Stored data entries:
□ □ □ □ □
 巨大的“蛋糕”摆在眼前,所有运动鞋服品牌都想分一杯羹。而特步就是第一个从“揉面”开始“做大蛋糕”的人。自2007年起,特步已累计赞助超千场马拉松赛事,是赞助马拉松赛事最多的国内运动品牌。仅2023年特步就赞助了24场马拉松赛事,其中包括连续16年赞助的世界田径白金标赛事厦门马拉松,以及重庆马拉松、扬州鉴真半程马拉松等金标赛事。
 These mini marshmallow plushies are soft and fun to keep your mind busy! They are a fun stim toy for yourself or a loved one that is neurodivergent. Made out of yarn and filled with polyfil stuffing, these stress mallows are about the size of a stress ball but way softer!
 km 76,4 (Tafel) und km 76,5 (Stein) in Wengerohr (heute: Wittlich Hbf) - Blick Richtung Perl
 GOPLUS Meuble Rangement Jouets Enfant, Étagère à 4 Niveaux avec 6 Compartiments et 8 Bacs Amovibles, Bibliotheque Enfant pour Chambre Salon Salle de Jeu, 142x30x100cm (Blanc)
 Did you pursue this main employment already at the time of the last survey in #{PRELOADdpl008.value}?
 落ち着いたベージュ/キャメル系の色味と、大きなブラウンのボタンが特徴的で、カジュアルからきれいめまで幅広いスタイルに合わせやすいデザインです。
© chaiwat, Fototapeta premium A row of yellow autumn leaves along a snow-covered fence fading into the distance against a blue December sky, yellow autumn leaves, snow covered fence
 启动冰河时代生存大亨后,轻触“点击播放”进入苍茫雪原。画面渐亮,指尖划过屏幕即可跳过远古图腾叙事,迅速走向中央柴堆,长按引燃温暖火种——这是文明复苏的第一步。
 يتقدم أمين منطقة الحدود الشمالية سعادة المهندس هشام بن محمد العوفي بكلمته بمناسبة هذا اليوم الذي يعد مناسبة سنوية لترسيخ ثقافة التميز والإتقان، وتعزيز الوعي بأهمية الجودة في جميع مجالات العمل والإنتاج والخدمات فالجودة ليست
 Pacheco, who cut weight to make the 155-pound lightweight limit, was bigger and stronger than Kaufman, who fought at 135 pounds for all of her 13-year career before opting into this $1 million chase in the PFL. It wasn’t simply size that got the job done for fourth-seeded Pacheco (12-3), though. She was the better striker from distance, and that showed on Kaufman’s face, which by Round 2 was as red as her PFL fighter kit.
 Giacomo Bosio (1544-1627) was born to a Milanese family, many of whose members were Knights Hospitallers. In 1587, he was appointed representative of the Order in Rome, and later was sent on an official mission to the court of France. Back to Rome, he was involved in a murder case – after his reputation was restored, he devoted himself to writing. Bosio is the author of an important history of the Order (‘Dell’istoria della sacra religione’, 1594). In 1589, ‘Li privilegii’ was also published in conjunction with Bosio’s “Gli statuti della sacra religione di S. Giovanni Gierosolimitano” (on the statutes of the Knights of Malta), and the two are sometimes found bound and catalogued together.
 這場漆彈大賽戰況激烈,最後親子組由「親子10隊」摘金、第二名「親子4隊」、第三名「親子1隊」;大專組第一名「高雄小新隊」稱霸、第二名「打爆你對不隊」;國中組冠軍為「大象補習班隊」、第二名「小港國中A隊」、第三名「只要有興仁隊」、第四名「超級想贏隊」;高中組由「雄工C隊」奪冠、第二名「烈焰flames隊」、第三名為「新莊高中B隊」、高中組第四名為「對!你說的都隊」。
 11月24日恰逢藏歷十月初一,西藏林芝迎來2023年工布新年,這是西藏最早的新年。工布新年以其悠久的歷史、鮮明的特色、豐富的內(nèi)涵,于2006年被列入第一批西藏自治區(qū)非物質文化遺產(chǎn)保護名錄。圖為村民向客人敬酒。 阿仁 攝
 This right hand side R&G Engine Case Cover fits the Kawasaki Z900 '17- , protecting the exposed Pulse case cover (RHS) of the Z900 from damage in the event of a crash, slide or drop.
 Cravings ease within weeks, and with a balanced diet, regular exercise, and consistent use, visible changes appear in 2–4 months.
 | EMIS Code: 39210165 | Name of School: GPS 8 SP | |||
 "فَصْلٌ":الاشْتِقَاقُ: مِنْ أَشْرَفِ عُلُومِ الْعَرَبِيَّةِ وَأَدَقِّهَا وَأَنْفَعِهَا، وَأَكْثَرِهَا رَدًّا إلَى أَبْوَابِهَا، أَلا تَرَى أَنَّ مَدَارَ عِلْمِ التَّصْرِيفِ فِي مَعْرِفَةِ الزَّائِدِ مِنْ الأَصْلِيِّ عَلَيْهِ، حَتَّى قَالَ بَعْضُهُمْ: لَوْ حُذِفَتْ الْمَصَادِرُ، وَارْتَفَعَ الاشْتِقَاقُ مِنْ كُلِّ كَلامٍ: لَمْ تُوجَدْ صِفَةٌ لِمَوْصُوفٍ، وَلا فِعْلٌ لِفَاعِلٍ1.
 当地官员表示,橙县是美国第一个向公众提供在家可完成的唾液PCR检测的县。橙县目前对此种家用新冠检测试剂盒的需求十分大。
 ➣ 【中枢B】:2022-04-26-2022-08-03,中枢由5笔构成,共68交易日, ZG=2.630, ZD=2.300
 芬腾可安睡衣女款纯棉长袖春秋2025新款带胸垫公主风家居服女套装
□ □ □ □ □
» **EXERCISE DIRECTIONS**
Your reply is to repeat, unchanged, the lines above running from the one with "يتقدم أمين منطقة" up to and including the one with "GPS 8 SP | |||".

» **ANSWER TO THIS EXERCISE**
 يتقدم أمين منطقة الحدود الشمالية سعادة المهندس هشام بن محمد العوفي بكلمته بمناسبة هذا اليوم الذي يعد مناسبة سنوية لترسيخ ثقافة التميز والإتقان، وتعزيز الوعي بأهمية الجودة في جميع مجالات العمل والإنتاج والخدمات فالجودة ليست
 Pacheco, who cut weight to make the 155-pound lightweight limit, was bigger and stronger than Kaufman, who fought at 135 pounds for all of her 13-year career before opting into this $1 million chase in the PFL. It wasn’t simply size that got the job done for fourth-seeded Pacheco (12-3), though. She was the better striker from distance, and that showed on Kaufman’s face, which by Round 2 was as red as her PFL fighter kit.
 Giacomo Bosio (1544-1627) was born to a Milanese family, many of whose members were Knights Hospitallers. In 1587, he was appointed representative of the Order in Rome, and later was sent on an official mission to the court of France. Back to Rome, he was involved in a murder case – after his reputation was restored, he devoted himself to writing. Bosio is the author of an important history of the Order (‘Dell’istoria della sacra religione’, 1594). In 1589, ‘Li privilegii’ was also published in conjunction with Bosio’s “Gli statuti della sacra religione di S. Giovanni Gierosolimitano” (on the statutes of the Knights of Malta), and the two are sometimes found bound and catalogued together.
 這場漆彈大賽戰況激烈,最後親子組由「親子10隊」摘金、第二名「親子4隊」、第三名「親子1隊」;大專組第一名「高雄小新隊」稱霸、第二名「打爆你對不隊」;國中組冠軍為「大象補習班隊」、第二名「小港國中A隊」、第三名「只要有興仁隊」、第四名「超級想贏隊」;高中組由「雄工C隊」奪冠、第二名「烈焰flames隊」、第三名為「新莊高中B隊」、高中組第四名為「對!你說的都隊」。
 11月24日恰逢藏歷十月初一,西藏林芝迎來2023年工布新年,這是西藏最早的新年。工布新年以其悠久的歷史、鮮明的特色、豐富的內(nèi)涵,于2006年被列入第一批西藏自治區(qū)非物質文化遺產(chǎn)保護名錄。圖為村民向客人敬酒。 阿仁 攝
 This right hand side R&G Engine Case Cover fits the Kawasaki Z900 '17- , protecting the exposed Pulse case cover (RHS) of the Z900 from damage in the event of a crash, slide or drop.
 Cravings ease within weeks, and with a balanced diet, regular exercise, and consistent use, visible changes appear in 2–4 months.
 | EMIS Code: 39210165 | Name of School: GPS 8 SP | |||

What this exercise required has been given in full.